Retention Rate is typically defined as the ratio of customers retained (those active in consecutive periods) to the total number of customers in the previous period. This provides an overall measure of how well the app is retaining its customer base.
Churn Rate is often defined as the inverse of retention, i.e., customers who were active in the previous period but not in the current one. This allows businesses to identify the rate at which customers stop engaging.
We need to combine the data on active customers and their previous periods to calculate:
Current Customers: Customers active in the current period.
Previous Customers: Customers active in the previous period.
Retained Customers: Customers active in both the current and previous periods.
These calculations yield metrics like churn rate (customers who did not return) and retention rate (customers who stayed from one period to the next):
Churn Rate: Calculated as 1.0 - (current_customers / previous_customers)
to capture the percentage of customers lost in the current period.
Retention Rate: Calculated as retained_customers / current_customers
to understand how many customers from the previous period were retained.
Note that Retention Rate and Churn Rate are not the same, although they are related metrics. They measure different aspects of customer behavior, and their calculations reflect this.
Churn Rate measures the percentage of customers lost from one period to the next. This metric focuses on the loss of customers. If many customers from the previous period are not active in the current period, the churn rate will be high. A churn rate of 0 indicates no customers were lost, while a churn rate of 1 indicates all customers were lost.
Retention Rate measures the percentage of customers from the previous period who are still active in the current period. This metric focuses on the retention of customers. It shows how well the business is keeping its customers engaged over time. A retention rate of 1 means all customers from the previous period stayed active, while a retention rate closer to 0 means most previous customers were lost.
Suppose:
previous_customers = 100
current_customers = 80
retained_customers = 60 (these are customers who were active in both periods)
Churn Rate = 1- (80/100)= 20%
Retention Rate = 60/80=75%
In other words, 60 customers remained active from the previous period to the current one. Starting with 100 customers, this number decreased to 80 in the current period, meaning we lost 40 customers but also gained 20 new ones. Churn is the net loss of customers, calculated as the difference between the customers lost (40) and new customers gained (20), which is 20. Expressed as a percentage of the starting count (100), this gives us the churn rate of 20%. This calculation focuses on the overall change in the customer base, rather than specifically measuring customers retained from one period to the next.
current_customers
counts customers in each period.
previous_customers
counts those who were active in the previous period (customers with non-null previous_period
).
retained_customers
counts those who appear in both the current and previous periods, allowing us to compute the retention rate and churn rate.

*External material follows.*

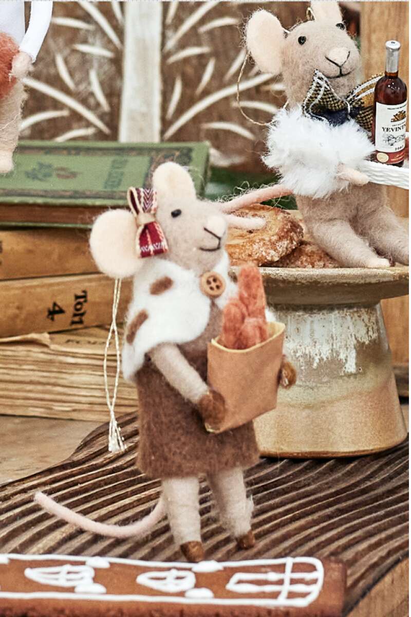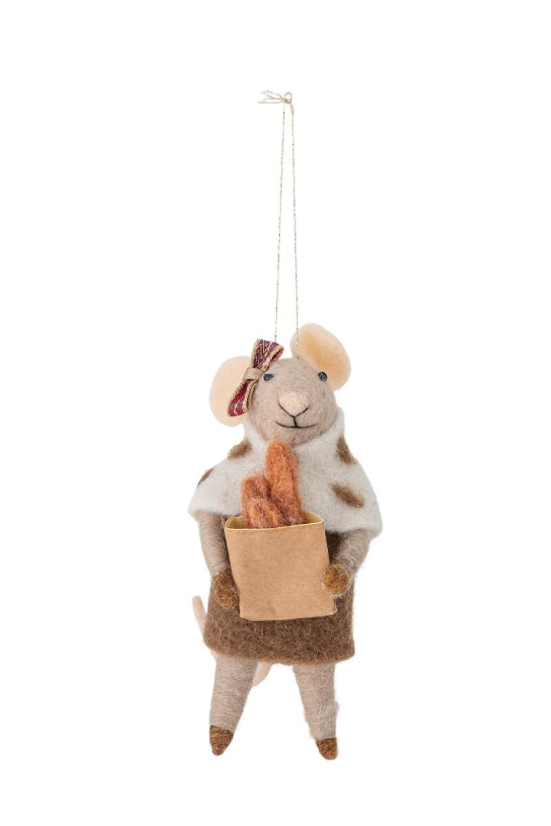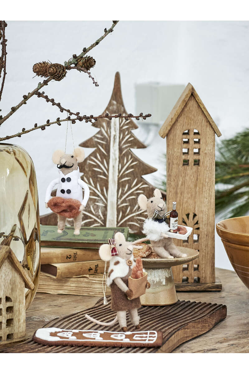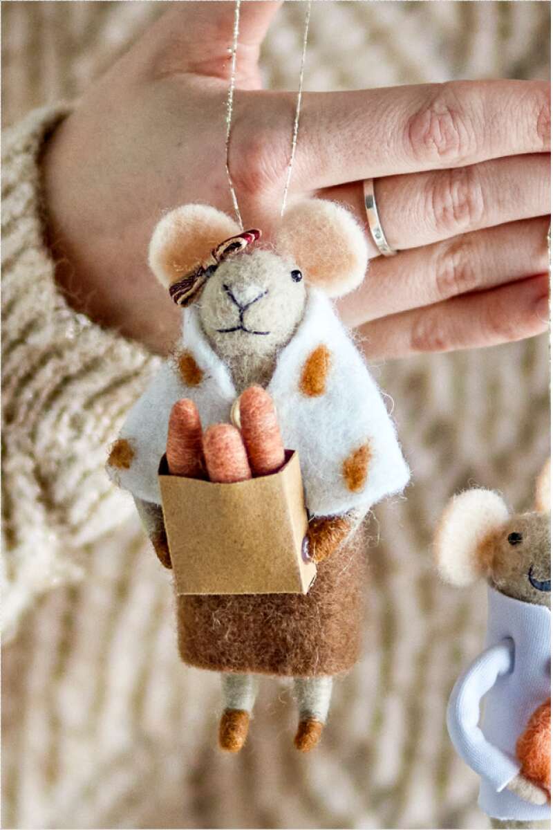 Bezaubernde Maus aus gefilzter Wolle gefertigt und mit entzückenden Details versehen, die ihre Geschichte zum Leben erwecken. Im niedlichen Outfit gekleidet, verleiht diese Maus Ihren Weihnachtsdekorationen eine süße Note. Ausgestattet mit goldenen Aufhängeschnüren, lässt sie sich leicht am Weihnachtsbaum anbringen oder in ein größeres festliches Arrangement integrieren. L6xH12xW7 cm.

Our goal is to develop features at the individual customer level and monitor their metrics on a weekly basis. Designing these features requires some creativity, but with a solid understanding of customer analytics, you should be able to make insightful and effective choices.
Tenure Weeks (tenure_weeks
): The total number of weeks a customer has been active up to the current period: It reflects customer loyalty and experience with the service. Customers with longer tenures may have established habits or preferences influencing retention.
Activity Frequency (activity_frequency
): The number of activities or transactions the customer performed in the current week. It indicates the customer's engagement level during the current period. Higher activity may correlate with increased satisfaction and likelihood of retention.
Average Engagement (average_engagement
): The average number of activities per week up to the current period. It provides context for the customer's activity frequency. It helps identify deviations from typical behavior (e.g., a sudden drop in engagement).
Time Since Last Activity (time_since_last_activity_days
): The number of days since the customer's previous activity period. It measures recency of engagement. Longer durations may signal disengagement or risk of churn.
Retained Next Week (retained_next_week
): A binary label indicating whether the customer was active in the following week (1
for yes, 0
for no). It serves as the target variable for the classification model. It helps the model learn patterns associated with customer retention.
The main goal of feature engineering in this context is to transform raw activity data into meaningful features that can help predict customer retention. By capturing various aspects of customer behavior, we aim to:
Understand Engagement Patterns: Features like activity_frequency
and average_engagement
reflect how customers interact with the service over time.
Identify Risk of Churn: Features like time_since_last_activity_days
can indicate when a customer is becoming less engaged.
Capture Customer Loyalty: tenure_weeks
highlights how long a customer has been with the service, which may influence their retention behavior.
Provide Predictive Insights: These features allow the machine learning model to recognize patterns that precede retention or churn.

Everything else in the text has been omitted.